## EXERCISE BRIEF
Every line from the one holding "PHOTOS: Obi, Mark, Kwankwaso" through the one holding "Meliora Women's New" in the data below must be returned exactly, both ends included, with pictures left out and nothing else added.

## EXERCISE INPUTS
- - -

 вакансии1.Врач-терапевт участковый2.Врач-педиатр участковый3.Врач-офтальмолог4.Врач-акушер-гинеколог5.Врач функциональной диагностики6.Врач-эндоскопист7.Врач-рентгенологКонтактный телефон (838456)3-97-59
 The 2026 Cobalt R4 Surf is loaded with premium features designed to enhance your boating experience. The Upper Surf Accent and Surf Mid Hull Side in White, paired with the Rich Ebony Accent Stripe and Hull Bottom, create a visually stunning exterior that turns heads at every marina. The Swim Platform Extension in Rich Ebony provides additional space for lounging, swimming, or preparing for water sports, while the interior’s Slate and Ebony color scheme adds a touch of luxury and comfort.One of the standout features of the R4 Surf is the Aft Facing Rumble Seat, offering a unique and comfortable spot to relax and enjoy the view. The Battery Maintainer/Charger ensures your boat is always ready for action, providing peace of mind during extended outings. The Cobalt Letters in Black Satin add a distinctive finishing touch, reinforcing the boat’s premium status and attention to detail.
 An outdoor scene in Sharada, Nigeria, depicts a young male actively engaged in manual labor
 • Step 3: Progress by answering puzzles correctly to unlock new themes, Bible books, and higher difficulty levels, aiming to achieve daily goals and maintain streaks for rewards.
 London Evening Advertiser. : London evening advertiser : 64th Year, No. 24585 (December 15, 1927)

- - -

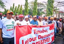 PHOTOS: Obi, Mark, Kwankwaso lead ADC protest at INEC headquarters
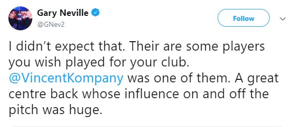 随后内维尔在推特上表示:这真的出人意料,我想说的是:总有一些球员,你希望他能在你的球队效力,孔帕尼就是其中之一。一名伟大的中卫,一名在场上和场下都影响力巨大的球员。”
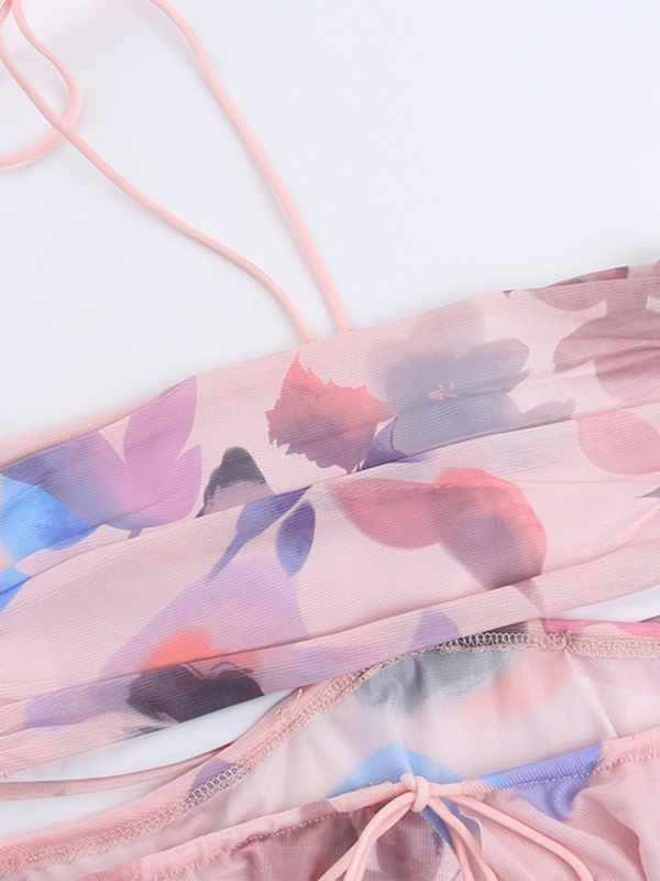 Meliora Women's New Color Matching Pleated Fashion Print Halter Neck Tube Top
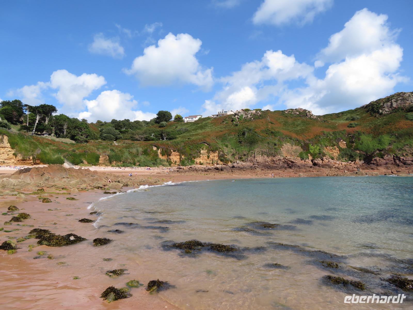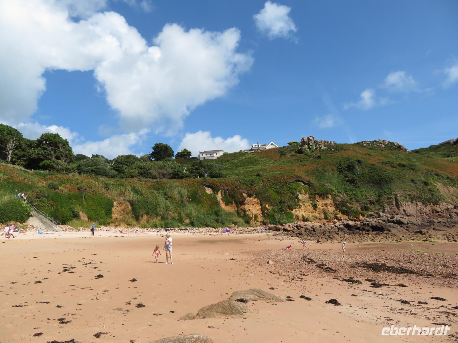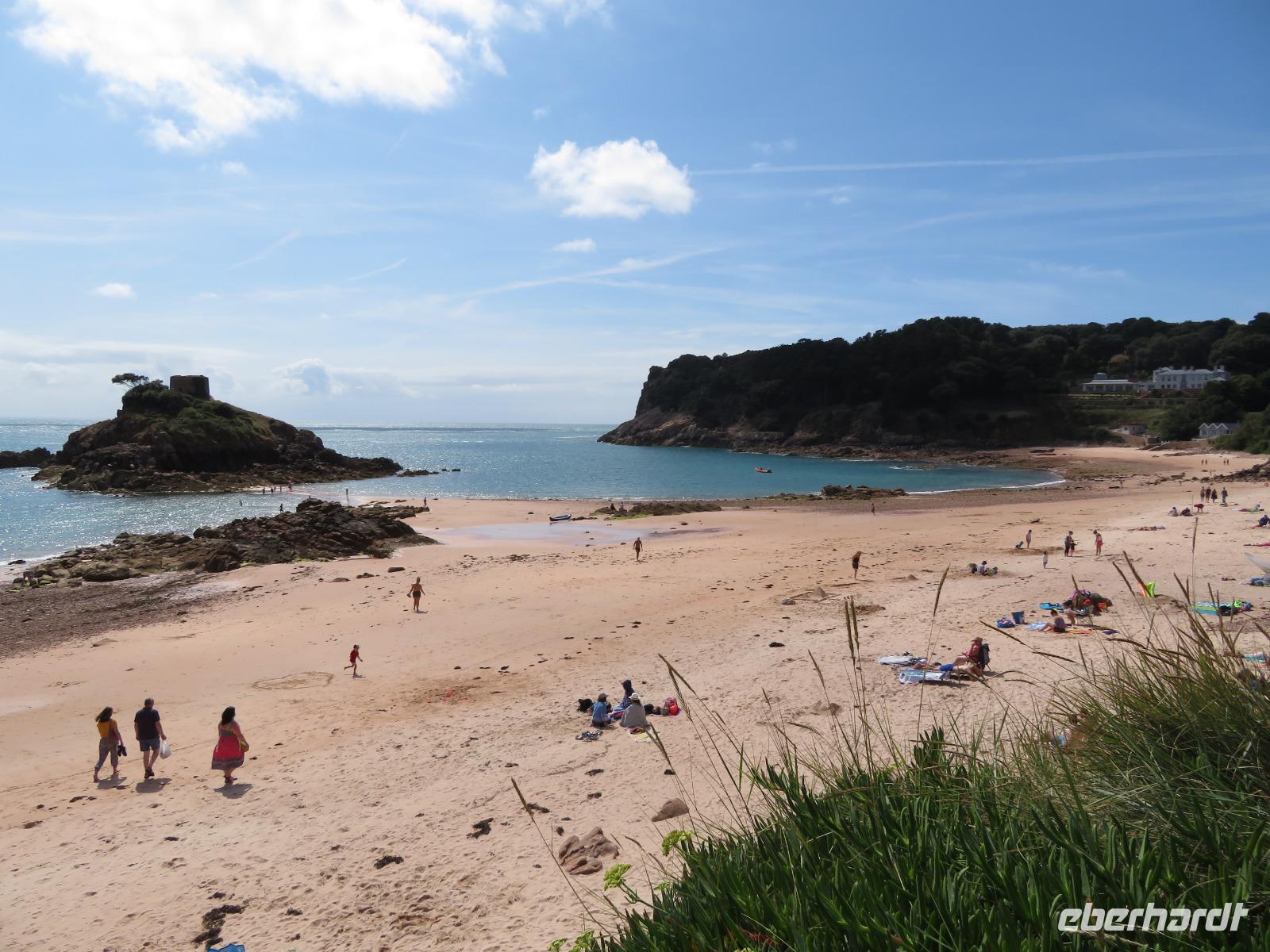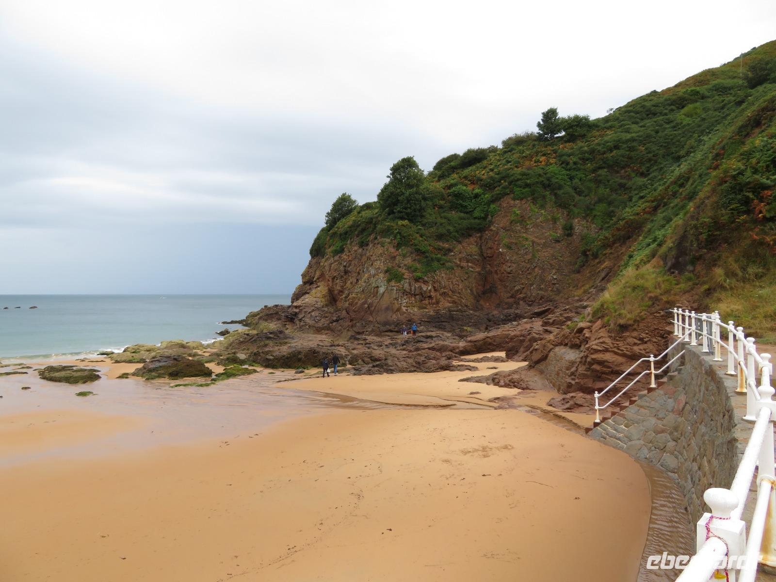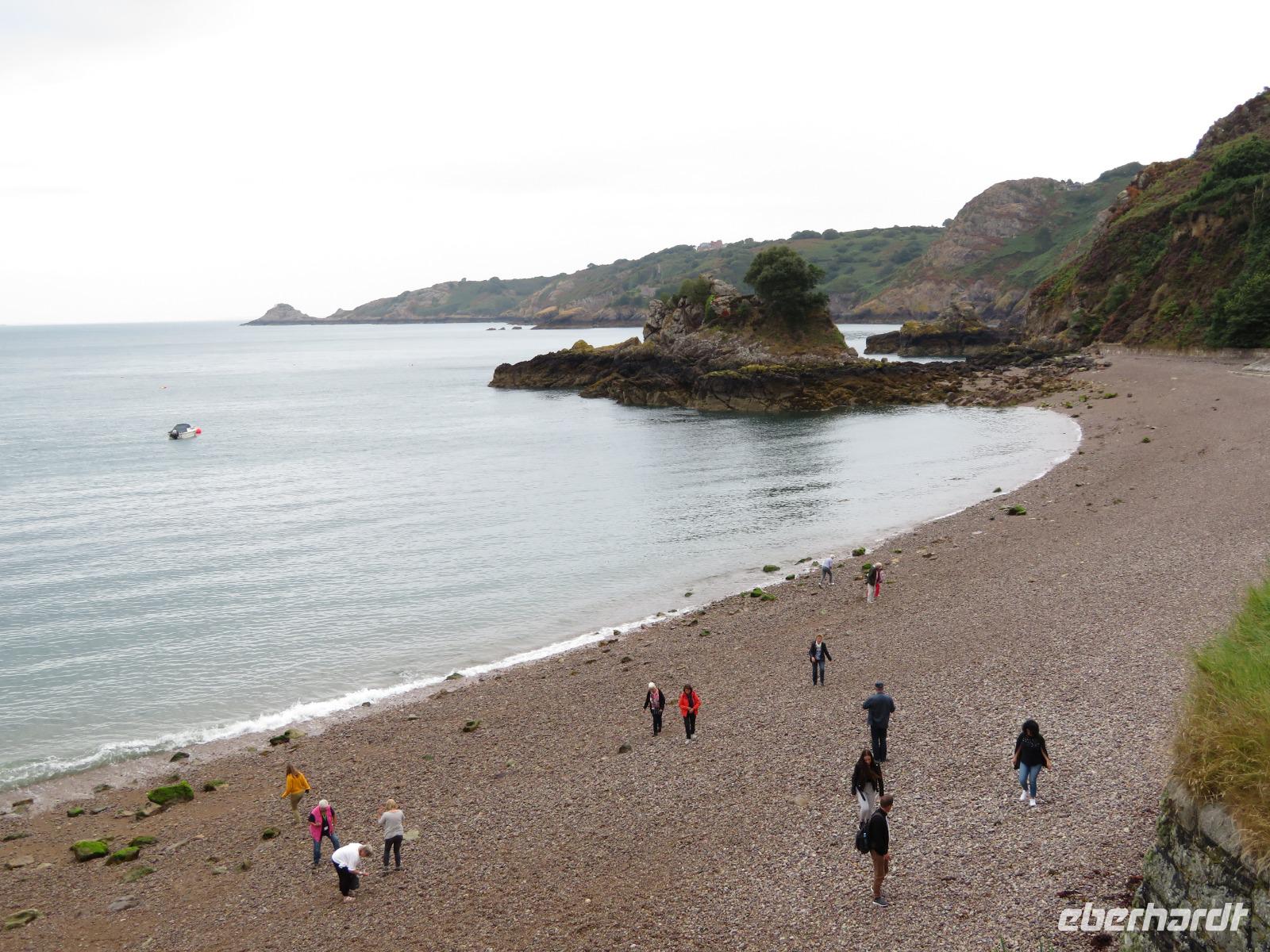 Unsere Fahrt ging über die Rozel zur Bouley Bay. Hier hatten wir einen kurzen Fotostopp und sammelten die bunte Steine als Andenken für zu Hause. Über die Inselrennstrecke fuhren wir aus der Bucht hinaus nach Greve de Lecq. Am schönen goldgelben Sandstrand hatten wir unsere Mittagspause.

- - -

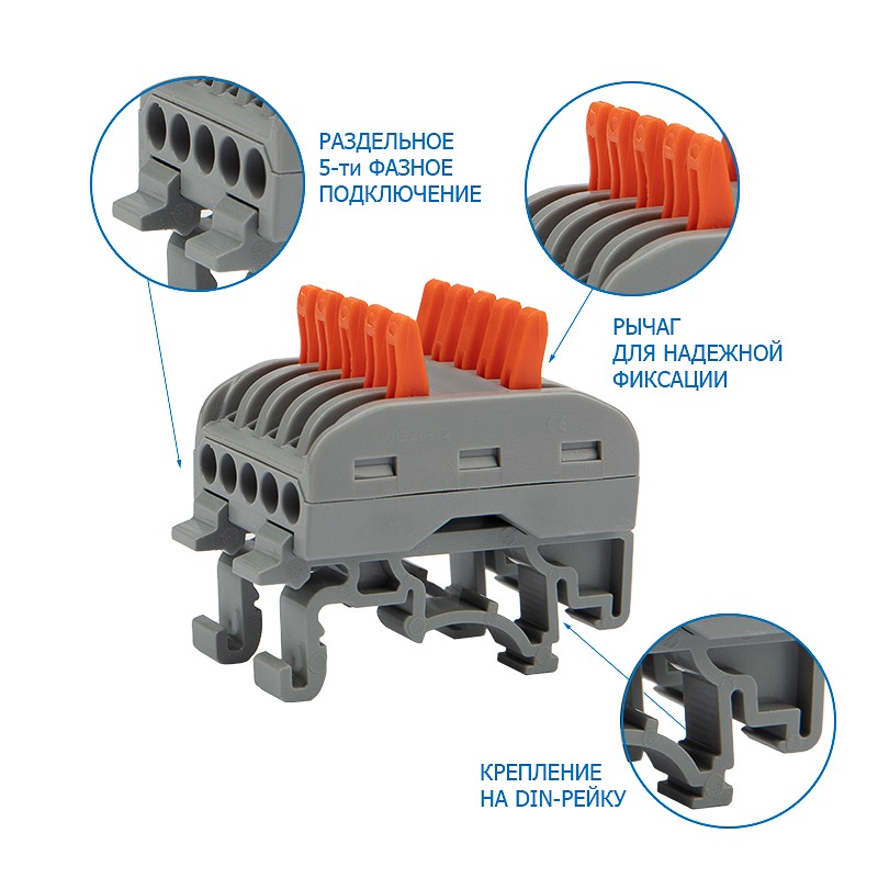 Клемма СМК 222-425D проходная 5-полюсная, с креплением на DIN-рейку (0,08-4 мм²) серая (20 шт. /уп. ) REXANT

- - -

## ANSWER BOX
 PHOTOS: Obi, Mark, Kwankwaso lead ADC protest at INEC headquarters
 随后内维尔在推特上表示:这真的出人意料,我想说的是:总有一些球员,你希望他能在你的球队效力,孔帕尼就是其中之一。一名伟大的中卫,一名在场上和场下都影响力巨大的球员。”
 Meliora Women's New Color Matching Pleated Fashion Print Halter Neck Tube Top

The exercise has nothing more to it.